Work to complete:
Entries below include pictures. Output exactly the lines from the one with "Panel Board, Cat" down to the one with "В технике Гжель", both ends included, and leave the pictures out.

--- Data for analysis ---

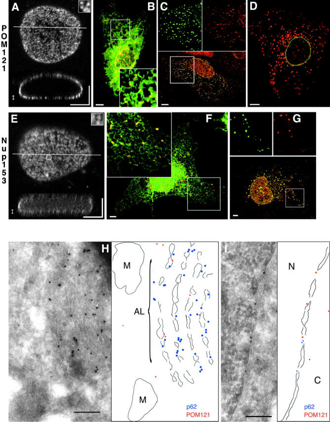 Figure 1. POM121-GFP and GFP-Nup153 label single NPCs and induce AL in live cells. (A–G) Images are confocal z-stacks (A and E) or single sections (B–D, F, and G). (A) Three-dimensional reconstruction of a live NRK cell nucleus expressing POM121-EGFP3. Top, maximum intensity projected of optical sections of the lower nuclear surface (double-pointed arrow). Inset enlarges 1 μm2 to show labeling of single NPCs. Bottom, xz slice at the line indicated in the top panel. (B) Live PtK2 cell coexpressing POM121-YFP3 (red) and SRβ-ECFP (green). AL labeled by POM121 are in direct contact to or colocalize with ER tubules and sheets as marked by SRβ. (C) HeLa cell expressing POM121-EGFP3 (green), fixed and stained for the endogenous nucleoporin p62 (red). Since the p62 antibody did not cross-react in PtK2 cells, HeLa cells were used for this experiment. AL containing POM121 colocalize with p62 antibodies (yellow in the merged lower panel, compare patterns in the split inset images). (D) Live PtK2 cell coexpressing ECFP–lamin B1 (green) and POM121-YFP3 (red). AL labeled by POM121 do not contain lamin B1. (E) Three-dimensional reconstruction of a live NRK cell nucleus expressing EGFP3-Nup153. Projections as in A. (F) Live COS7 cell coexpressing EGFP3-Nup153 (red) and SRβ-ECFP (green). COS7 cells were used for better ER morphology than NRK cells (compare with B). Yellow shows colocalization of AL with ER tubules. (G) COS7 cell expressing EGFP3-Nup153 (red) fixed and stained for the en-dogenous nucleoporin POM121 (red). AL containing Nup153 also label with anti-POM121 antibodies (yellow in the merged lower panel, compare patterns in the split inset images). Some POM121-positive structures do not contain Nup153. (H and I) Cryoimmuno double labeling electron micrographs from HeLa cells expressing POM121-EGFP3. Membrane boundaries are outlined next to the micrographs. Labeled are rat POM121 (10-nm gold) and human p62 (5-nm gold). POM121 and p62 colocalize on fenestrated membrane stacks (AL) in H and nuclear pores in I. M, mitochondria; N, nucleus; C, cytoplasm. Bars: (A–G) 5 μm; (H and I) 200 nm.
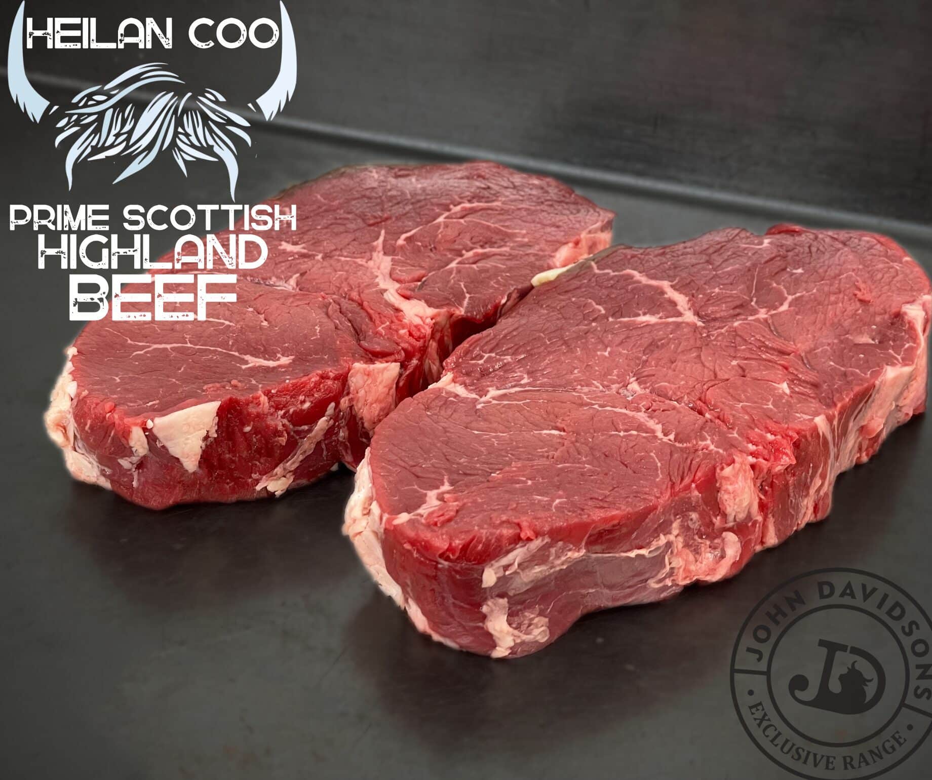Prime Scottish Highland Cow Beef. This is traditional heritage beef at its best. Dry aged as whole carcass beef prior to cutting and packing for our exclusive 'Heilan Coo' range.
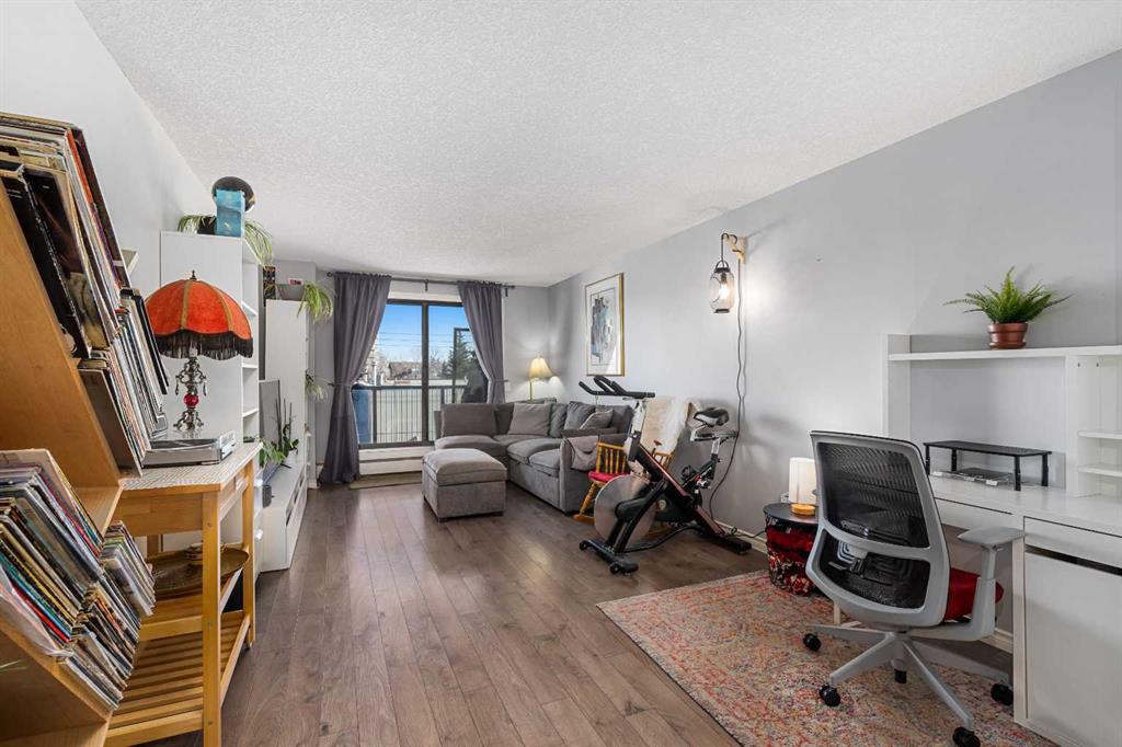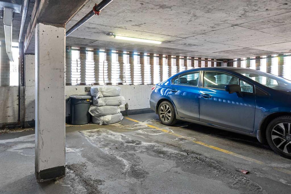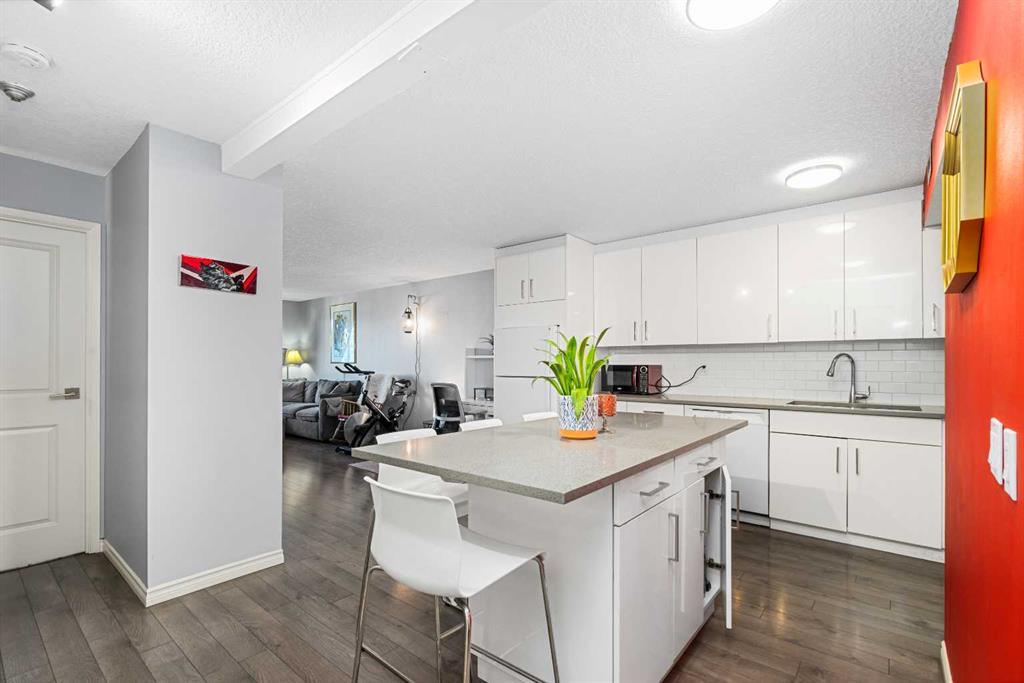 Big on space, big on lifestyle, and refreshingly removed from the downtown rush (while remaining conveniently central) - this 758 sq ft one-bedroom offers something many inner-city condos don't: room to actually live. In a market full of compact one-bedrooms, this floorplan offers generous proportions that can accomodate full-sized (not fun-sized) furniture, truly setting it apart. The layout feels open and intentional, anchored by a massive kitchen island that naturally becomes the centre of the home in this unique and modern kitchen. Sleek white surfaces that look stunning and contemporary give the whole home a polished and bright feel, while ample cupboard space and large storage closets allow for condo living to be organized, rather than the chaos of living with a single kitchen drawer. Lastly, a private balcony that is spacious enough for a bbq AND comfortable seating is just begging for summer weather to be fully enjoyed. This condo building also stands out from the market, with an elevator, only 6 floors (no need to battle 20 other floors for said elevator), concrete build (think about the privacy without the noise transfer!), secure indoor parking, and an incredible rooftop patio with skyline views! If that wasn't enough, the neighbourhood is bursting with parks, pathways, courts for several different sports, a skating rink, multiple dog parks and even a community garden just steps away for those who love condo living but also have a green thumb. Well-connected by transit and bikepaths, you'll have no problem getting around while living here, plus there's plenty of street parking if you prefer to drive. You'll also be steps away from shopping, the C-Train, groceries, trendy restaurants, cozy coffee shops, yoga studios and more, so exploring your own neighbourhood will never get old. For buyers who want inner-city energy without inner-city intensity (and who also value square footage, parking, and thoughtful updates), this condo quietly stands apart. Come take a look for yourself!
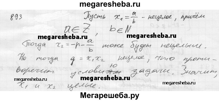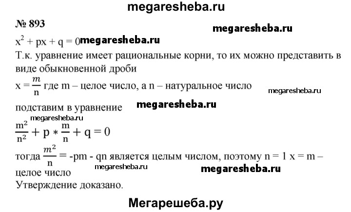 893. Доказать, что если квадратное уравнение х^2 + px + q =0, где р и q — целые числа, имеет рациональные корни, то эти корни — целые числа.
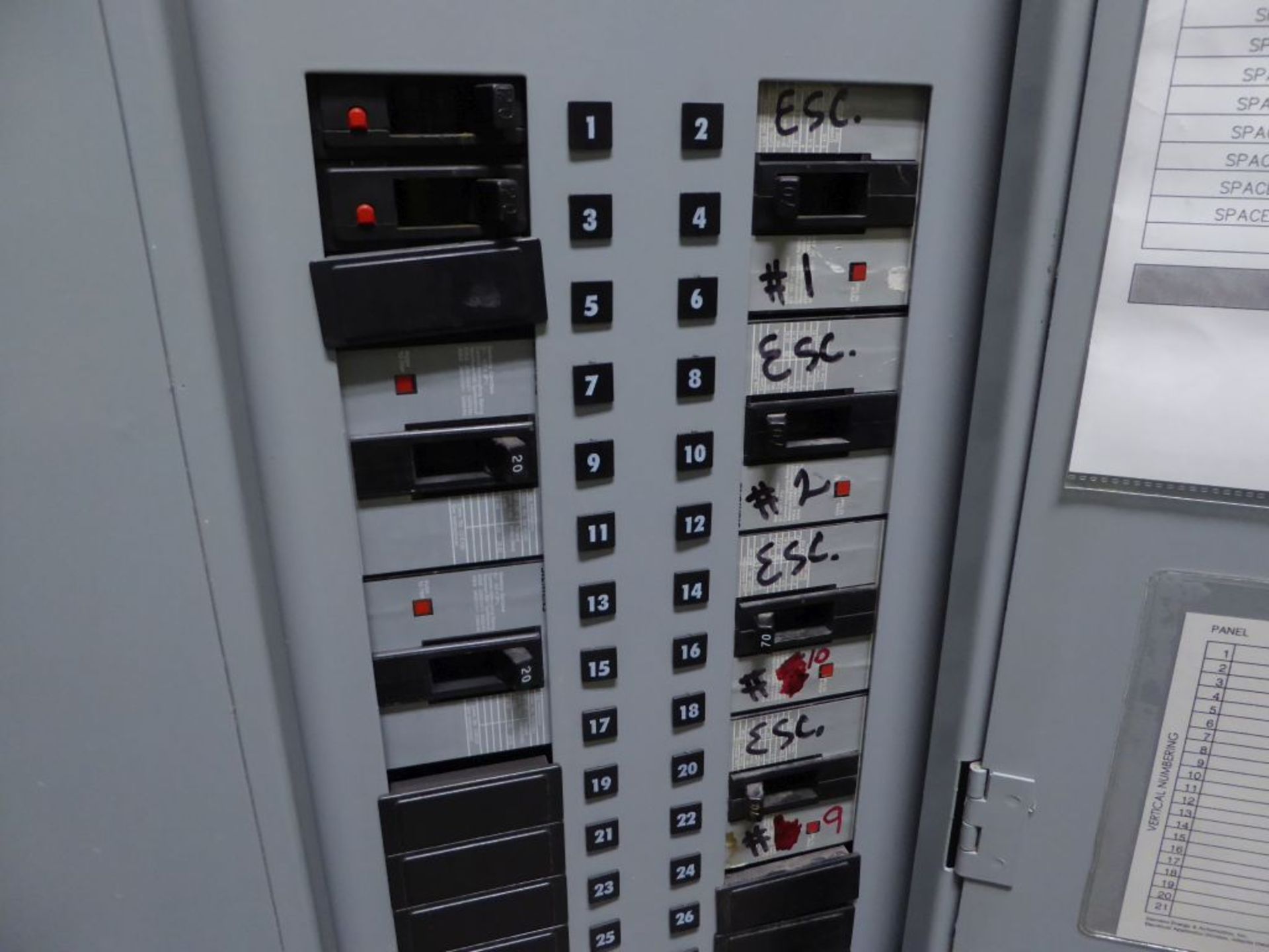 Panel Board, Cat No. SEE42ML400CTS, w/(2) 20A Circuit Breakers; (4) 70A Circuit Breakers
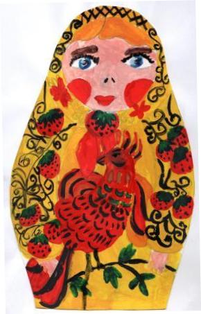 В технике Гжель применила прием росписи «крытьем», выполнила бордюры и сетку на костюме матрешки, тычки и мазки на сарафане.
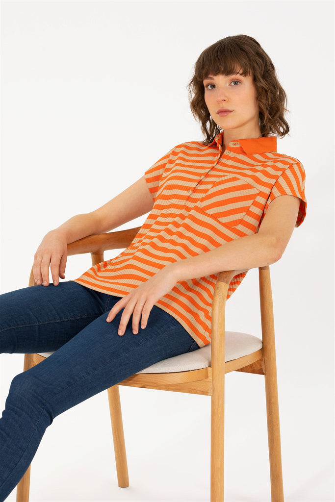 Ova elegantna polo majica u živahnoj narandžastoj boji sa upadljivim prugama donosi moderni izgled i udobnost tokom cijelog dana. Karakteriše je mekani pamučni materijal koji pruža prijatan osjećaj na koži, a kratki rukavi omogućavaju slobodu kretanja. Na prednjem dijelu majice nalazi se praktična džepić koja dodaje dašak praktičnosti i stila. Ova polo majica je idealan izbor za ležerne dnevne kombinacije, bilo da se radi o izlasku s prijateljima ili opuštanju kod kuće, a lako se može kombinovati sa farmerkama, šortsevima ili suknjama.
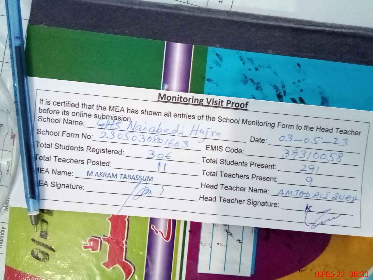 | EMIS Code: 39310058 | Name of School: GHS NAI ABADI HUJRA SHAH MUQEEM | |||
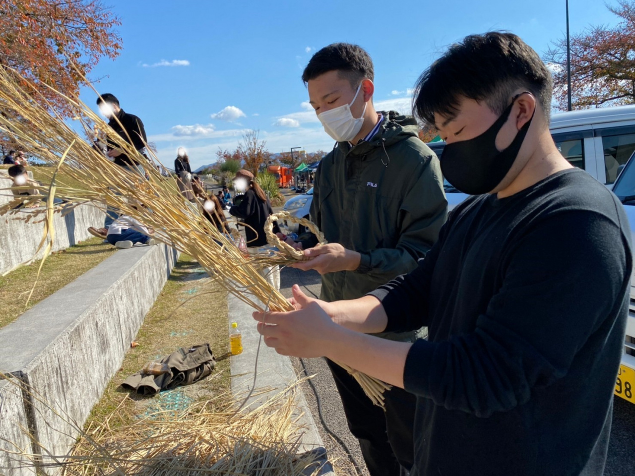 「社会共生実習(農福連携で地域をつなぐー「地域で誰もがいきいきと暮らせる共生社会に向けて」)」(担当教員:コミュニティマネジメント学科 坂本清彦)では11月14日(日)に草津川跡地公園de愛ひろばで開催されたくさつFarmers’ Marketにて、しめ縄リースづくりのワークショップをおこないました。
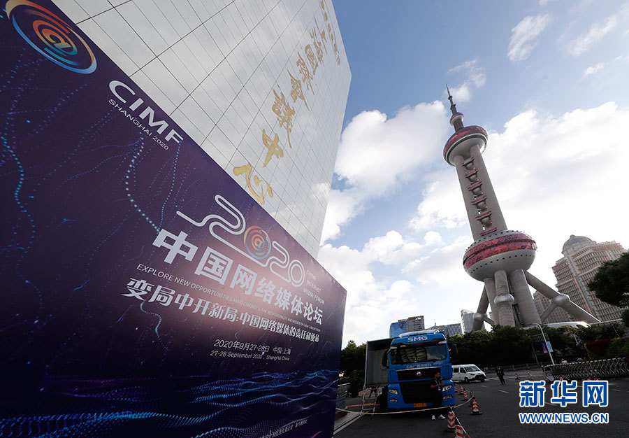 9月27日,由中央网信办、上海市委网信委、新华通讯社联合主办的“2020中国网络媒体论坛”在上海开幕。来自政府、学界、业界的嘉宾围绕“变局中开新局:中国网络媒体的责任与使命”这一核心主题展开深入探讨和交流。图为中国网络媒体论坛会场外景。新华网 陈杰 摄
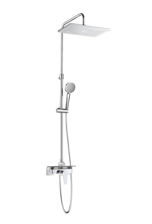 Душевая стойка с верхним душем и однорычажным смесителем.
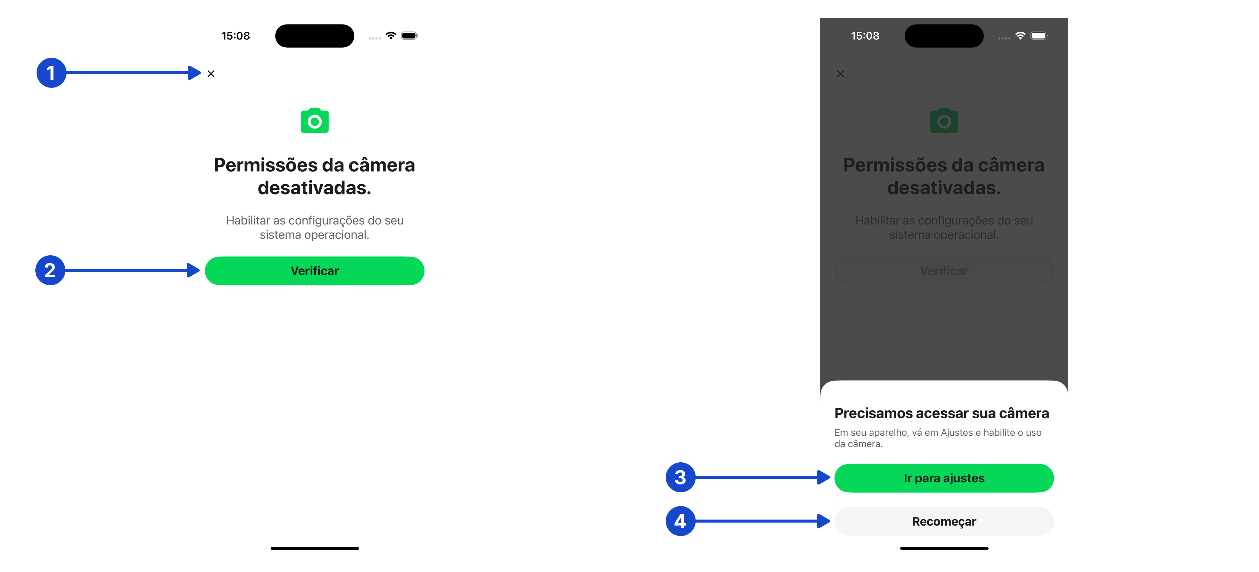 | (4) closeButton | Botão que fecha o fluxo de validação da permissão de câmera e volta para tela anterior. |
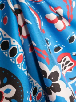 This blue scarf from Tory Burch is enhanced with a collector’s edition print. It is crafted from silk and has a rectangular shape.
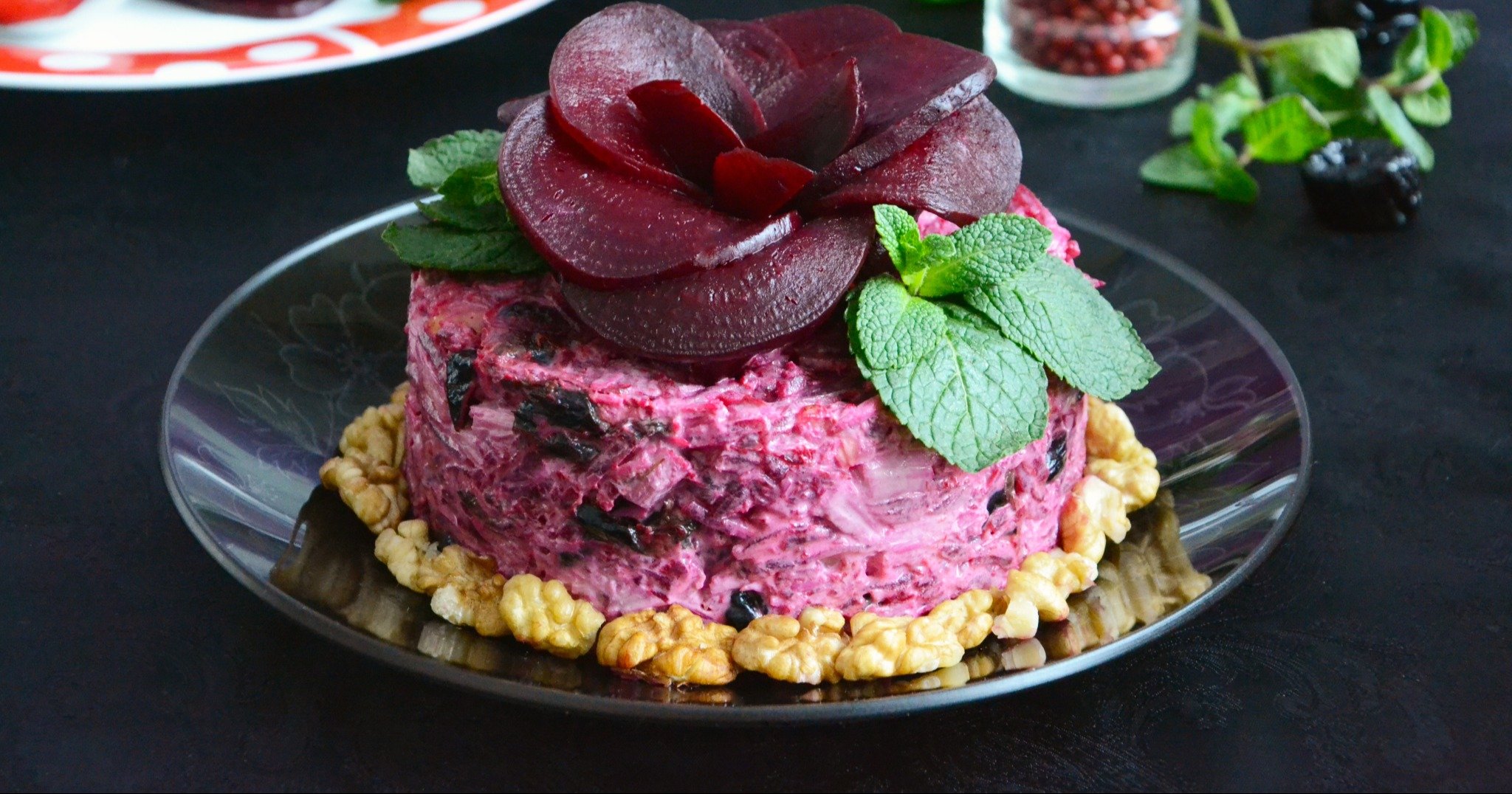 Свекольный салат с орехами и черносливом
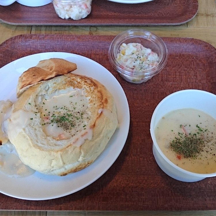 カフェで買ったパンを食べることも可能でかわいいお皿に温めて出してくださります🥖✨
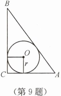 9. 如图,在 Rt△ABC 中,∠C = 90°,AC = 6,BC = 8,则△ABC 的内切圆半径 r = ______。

---

Response to this task:
 Panel Board, Cat No. SEE42ML400CTS, w/(2) 20A Circuit Breakers; (4) 70A Circuit Breakers
 В технике Гжель применила прием росписи «крытьем», выполнила бордюры и сетку на костюме матрешки, тычки и мазки на сарафане.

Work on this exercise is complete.